## [EXERCISE INSTRUCTIONS]
Output the listing exactly as written, apart from its pictures.

══ DATA SHOWN

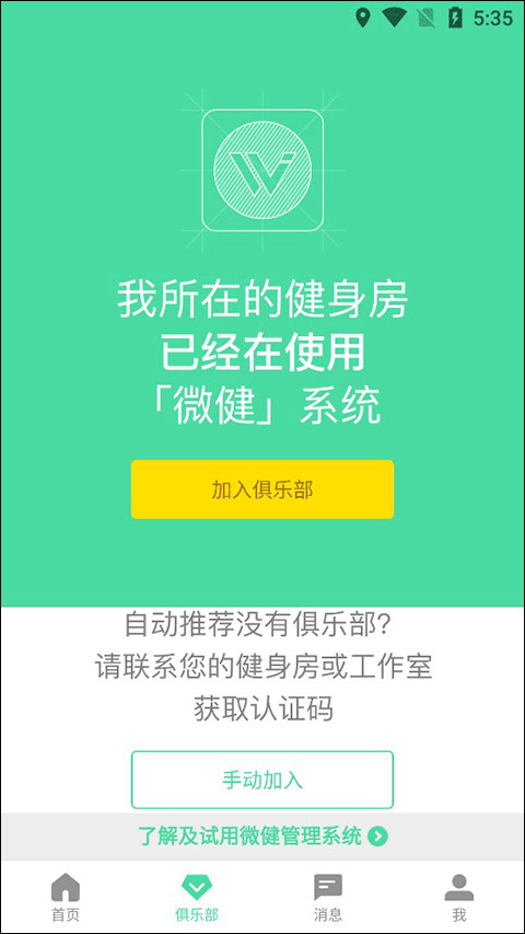 3、如果无法通过这种方式获取就点击界面的手动加入,通过扫描健身房或者工作室提供的认证码加入俱乐部。
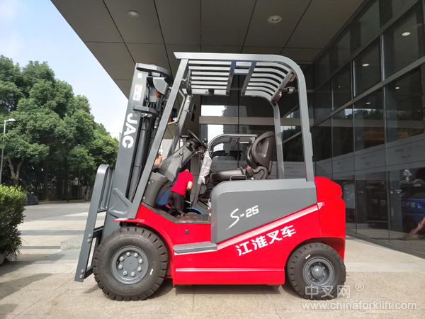 本次大会上,江淮叉车展示的CPD25S系列电动平衡重叉车采用汽车专用手制动,操作更轻松,标配OPS座椅和进口槽钢门架;封闭仪表台,外观简洁、美观;智能液晶仪表,清晰显示叉车实时运行状态;使用门架下降锁定,防止误操作造成安全事故;转弯限速功能—转角大于设定值,自动限制车辆行驶速度;全进口控制系统,性能稳定,检修便捷;桥箱一体结构设计,传动效率高、噪音低;一次充电使用时间提升25%。
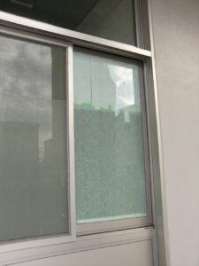 名古屋市西区のお客様窓ガラス割れ替え修理強化ガラス5ミリ透明コーキング施工 目隠しフィルム別途
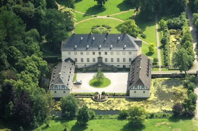 The original castle Niederalme was built in 1506 by Gerhard von Meschede, while the current baroque water castle was constructed in the first half of the 18th century.
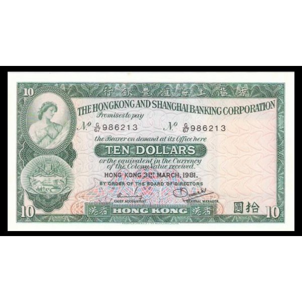 Hong Kong Pick. 182 10 Dollars 1959-83 UNC
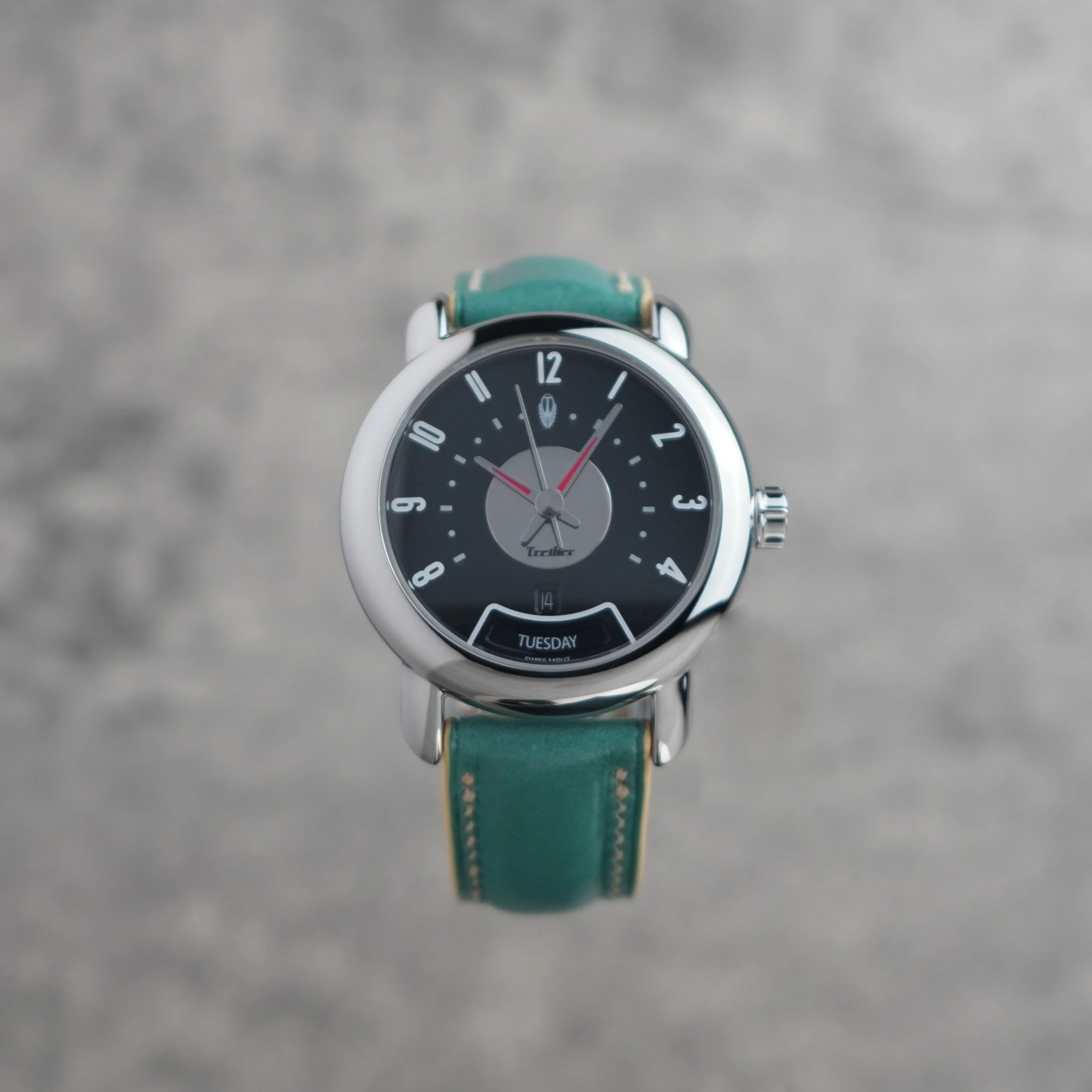 The T57BA features an automatic Swiss movement with day and date indicators. Treiber has modified the Swiss made STP 4-13 movement to place the day of the week at the 6 o-clock position, giving this watch a unique layout.

════

## [SOLUTION BELOW]
 3、如果无法通过这种方式获取就点击界面的手动加入,通过扫描健身房或者工作室提供的认证码加入俱乐部。
 本次大会上,江淮叉车展示的CPD25S系列电动平衡重叉车采用汽车专用手制动,操作更轻松,标配OPS座椅和进口槽钢门架;封闭仪表台,外观简洁、美观;智能液晶仪表,清晰显示叉车实时运行状态;使用门架下降锁定,防止误操作造成安全事故;转弯限速功能—转角大于设定值,自动限制车辆行驶速度;全进口控制系统,性能稳定,检修便捷;桥箱一体结构设计,传动效率高、噪音低;一次充电使用时间提升25%。
 名古屋市西区のお客様窓ガラス割れ替え修理強化ガラス5ミリ透明コーキング施工 目隠しフィルム別途
 The original castle Niederalme was built in 1506 by Gerhard von Meschede, while the current baroque water castle was constructed in the first half of the 18th century.
 Hong Kong Pick. 182 10 Dollars 1959-83 UNC
 The T57BA features an automatic Swiss movement with day and date indicators. Treiber has modified the Swiss made STP 4-13 movement to place the day of the week at the 6 o-clock position, giving this watch a unique layout.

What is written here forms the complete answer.